Introduction

Emerged in Wuhan, China in December 2019, COVID-19 has quickly spread to other provinces of China, and to 170 other countries and areas across six continents. As of March 24, 372,757 cases and 16,231 deaths has been confirmed, making COVID-19 a formidable threat to global health1. Despite the high mortality rate of 4.2% worldwide, around 85% of patients infected with SAR-CoV-2 developed non-severe disease, as recently reported by two large epidemiological studies2,3. These patients appeared to have a better clinical outcome compared to those with severe disease2. However, the accumulating cases, together with limited availability of hospital beds still resulted in a run on medical resources in China and several other countries.

Upon supportive and anti-viral treatments, most of the patients with non-severe disease achieved clinical cure, as demonstrated by attenuated symptoms, as well as improved laboratory and imaging findings2,4. However, pathogenic cure in terms of viral RNA-conversion, had to be reached before patients being discharged from hospitals for the purpose of disease control, at least in China. The kinetics of viral shedding5,6, the possible presence of viral RNA in multiple sites7,8,9,10, sampling error and the technical limitations of RT-PCR sometimes led to a false testing result11,12, posing a great challenge to discharge management after obtaining clinical cure. In addition, a recent investigation reported that the median duration of viral shedding was 20 days after disease onset for patients infected with SARS-CoV-24. The fact that almost half of the patients remained positive for viral RNA 20 days post disease onset, together with the aforementioned limitations of viral RNA detection methods, suggest that other indicators should be used in combination with viral RNA test to achieve a better discharge management for non-severe COVID-19 patients, and to save limited hospital beds for those severe patients.

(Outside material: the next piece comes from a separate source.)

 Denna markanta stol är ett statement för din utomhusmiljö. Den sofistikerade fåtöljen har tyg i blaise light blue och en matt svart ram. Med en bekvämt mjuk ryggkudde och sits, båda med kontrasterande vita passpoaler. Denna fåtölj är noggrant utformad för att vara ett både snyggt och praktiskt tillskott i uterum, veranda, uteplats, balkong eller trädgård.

Changes in lymphocyte compartment have been reported to be correlated with disease course, illness severity and clinical outcome13,14,15,16. However, measurement of lymphocyte subpopulations has yet to be investigated in non-severe COVID-19 patients with persistent viral RNA presence. This study was therefore designed to examine the correlation of changes in adaptive immune cells with persistent viral RNA presence in non-severe COVID-19 patients, and to evaluate its potential application in discharge management for these patients.

Methods

Participants, study design and definitions

This study was approved by Zhongnan Hospital of Wuhan University (ZHWU)’s ethical review board (No. 2020013). All hospitalized patients admitted to ZHWU from January 16 to February 27, 2020 with confirmed COVID-19 was included for initial screen. Written informed consent was waived by the Ethics Commission of the hospital for emerging infectious diseases.

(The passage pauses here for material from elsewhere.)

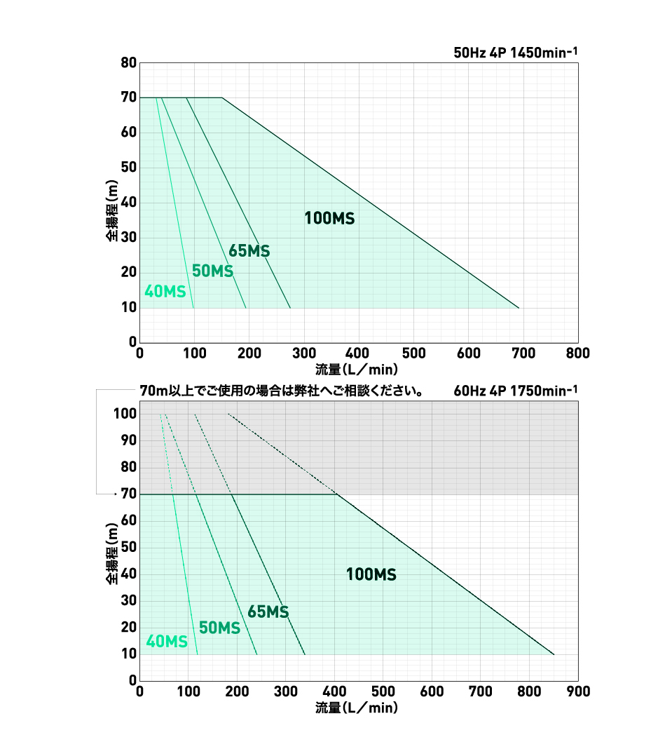 モータ軸動力・ポンプの耐圧・温度上昇の3つの条件により最少流量は決まります。各製品ごとの予想曲線をご参照頂き、詳しくは最寄りの弊社営業所へお問い合わせください。

Disease status was defined according to the guideline of SARS-CoV-2 (Trial Version 5 of the Chinese National Health Commission)17: (i) mild, with slight clinical symptoms but no imaging presentations of pneumonia; (ii) moderate, with fever, respiratory tract and other symptoms, and imaging findings of pneumonia; (iii) severe, with any of the following conditions: respiratory distress, respiratory frequency ≥ 30 times/minutes, finger oxygen saturation at rest ≤ 93%, or oxygenation index [PaO2/FiO2] ≤ 300 mmHg (1 mmHg = 0.133 kPa); (iv) critical, with any of the following conditions: respiratory failure requires mechanical, ventilation, shock, combined with other organ failure requires intensive care and treatment. Patients with mild or moderate illness were considered to have non-severe disease. Disease status was monitored up to March 6, 2020, the final date of follow-up.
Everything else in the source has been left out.